Task instructions: Only the text is wanted; write out each record below exactly and exclude all pictures.

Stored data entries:
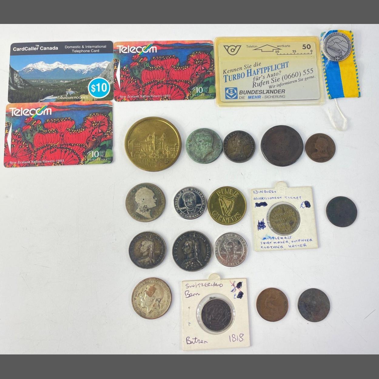 A small lot of coins and items of interest to include 1797 Cartwheel penny with heavy wear. Victoria 1887 Halfcrown heavily toned, 1849 'Godless Florin' with wear but still good detail. An Edinburgh Middlemiss Shirtmaker token. 1818 Swiss Batzen. Includes other coins with wear and some Telecom cards etc.
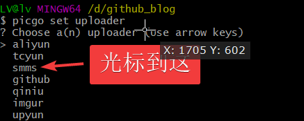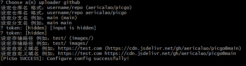 3.配置picgo的github,执行 picgo set uploader,使用小键盘的↑↓选择,Enter进行确认,配置的东西和上面picgo客户端一致,下面是我已经配置好的。
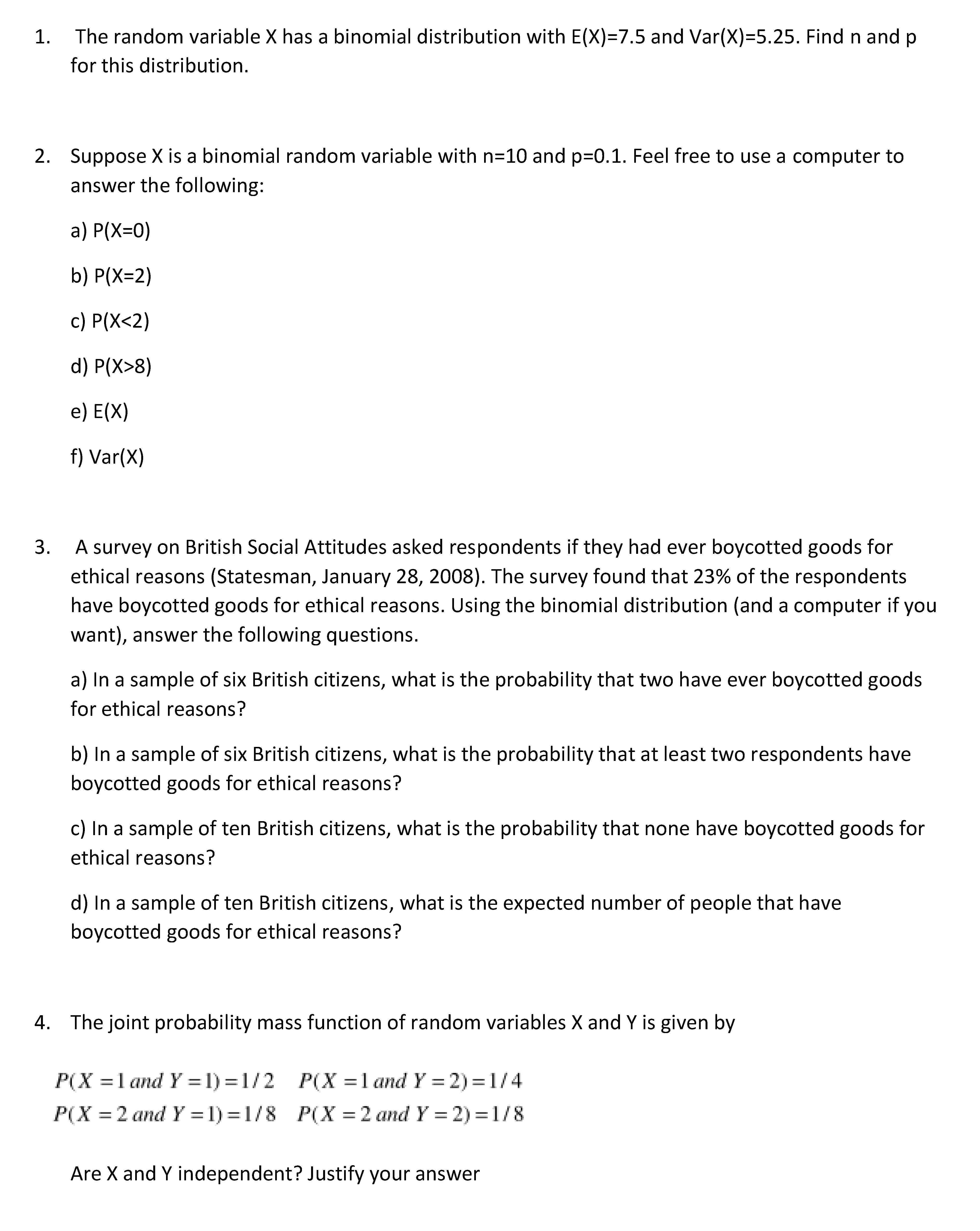 1. The random variable X has a binomial distribution with E(X)=7.5 ...
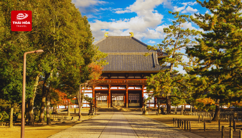 - Chùa Todaiji: Một trong những ngôi chùa nổi tiếng nhất Nhật Bản, biểu tượng của thành phố Nara, nơi đặt pho tượng Phật Tỳ Lô Giá Na bằng đồng đen nặng khoảng 500 tấn. Trước khi đặt chân vào chính điện, quý khách sẽ đi qua cánh cổng gỗ Nandaimon. Ngay tại đây, hai pho tượng thần hộ pháp Nio cao hơn 8 mét đứng uy nghi hai bên với ánh mắt dữ dội.
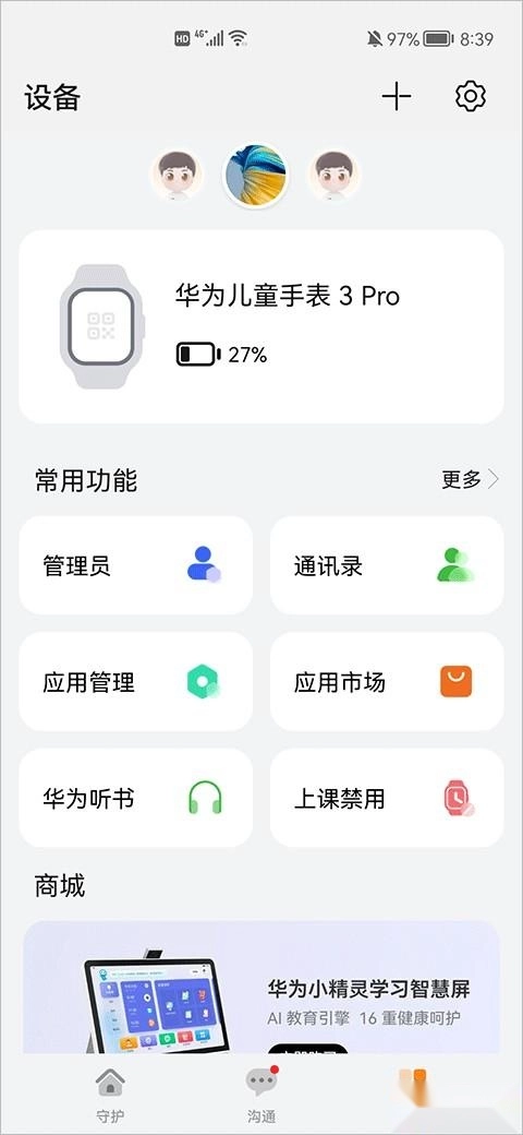 管理多台儿童手表时,可在智能关怀应用里点击设备,通过点击页面上方的儿童手表头像实现切换。该应用最多能绑定10台儿童手表,且仅支持绑定华为、荣耀品牌的儿童手表。
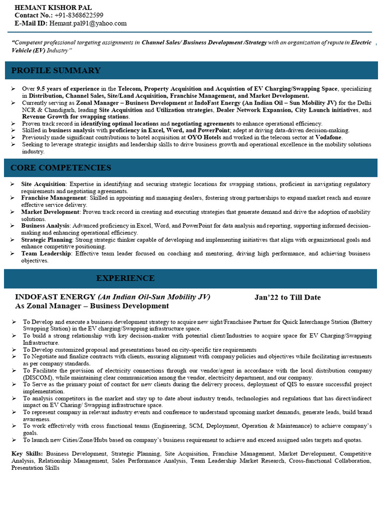 Currently serving as Zonal Manager – Business Development at IndoFast Energy (An Indian Oil – Sun Mobility JV) for the Delhi
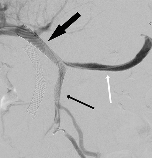 Figur 1. Pankreascancer. Övre bilden visar förträngd vena portae samt konfluens av vena lienalis och vena mesenterica superior (pil). Undre bilden visar vena portae (tjock svart pil), vena mesenterica superior (tunn svart pil) och vena lienalis (vit pil) öppnade med stentar.
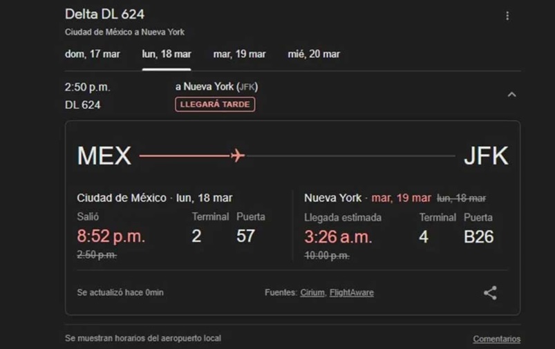 Se trata del vuelo DL624, cuya salida estaba prevista a las 14:50 horas pero que, según la aplicación de rastreo de vuelos en todo el mundo Flight Radar, despegó por fin a las 21:15.
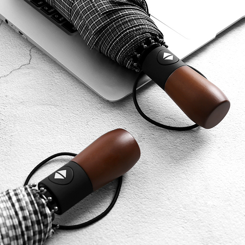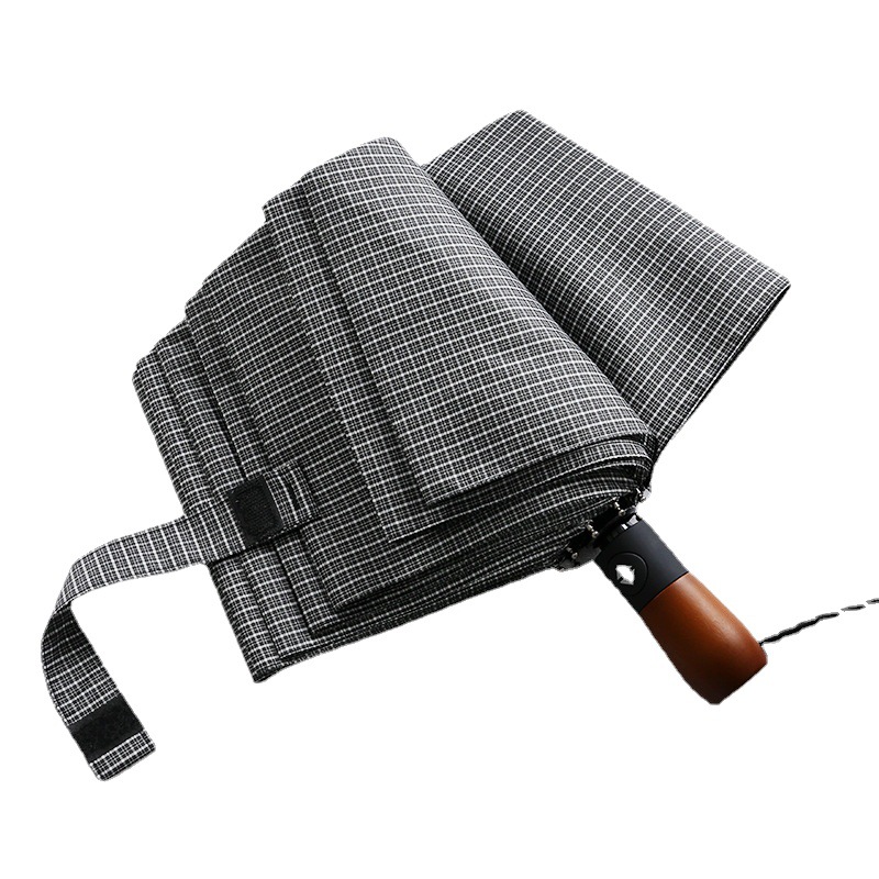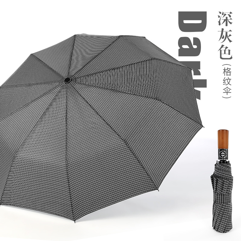 格纹三折全自动晴雨伞十骨防风雨伞折叠伞男商务实木雨伞

Result for this task:
 A small lot of coins and items of interest to include 1797 Cartwheel penny with heavy wear. Victoria 1887 Halfcrown heavily toned, 1849 'Godless Florin' with wear but still good detail. An Edinburgh Middlemiss Shirtmaker token. 1818 Swiss Batzen. Includes other coins with wear and some Telecom cards etc.
 3.配置picgo的github,执行 picgo set uploader,使用小键盘的↑↓选择,Enter进行确认,配置的东西和上面picgo客户端一致,下面是我已经配置好的。
 1. The random variable X has a binomial distribution with E(X)=7.5 ...
 - Chùa Todaiji: Một trong những ngôi chùa nổi tiếng nhất Nhật Bản, biểu tượng của thành phố Nara, nơi đặt pho tượng Phật Tỳ Lô Giá Na bằng đồng đen nặng khoảng 500 tấn. Trước khi đặt chân vào chính điện, quý khách sẽ đi qua cánh cổng gỗ Nandaimon. Ngay tại đây, hai pho tượng thần hộ pháp Nio cao hơn 8 mét đứng uy nghi hai bên với ánh mắt dữ dội.
 管理多台儿童手表时,可在智能关怀应用里点击设备,通过点击页面上方的儿童手表头像实现切换。该应用最多能绑定10台儿童手表,且仅支持绑定华为、荣耀品牌的儿童手表。
 Currently serving as Zonal Manager – Business Development at IndoFast Energy (An Indian Oil – Sun Mobility JV) for the Delhi
 Figur 1. Pankreascancer. Övre bilden visar förträngd vena portae samt konfluens av vena lienalis och vena mesenterica superior (pil). Undre bilden visar vena portae (tjock svart pil), vena mesenterica superior (tunn svart pil) och vena lienalis (vit pil) öppnade med stentar.
 Se trata del vuelo DL624, cuya salida estaba prevista a las 14:50 horas pero que, según la aplicación de rastreo de vuelos en todo el mundo Flight Radar, despegó por fin a las 21:15.
 格纹三折全自动晴雨伞十骨防风雨伞折叠伞男商务实木雨伞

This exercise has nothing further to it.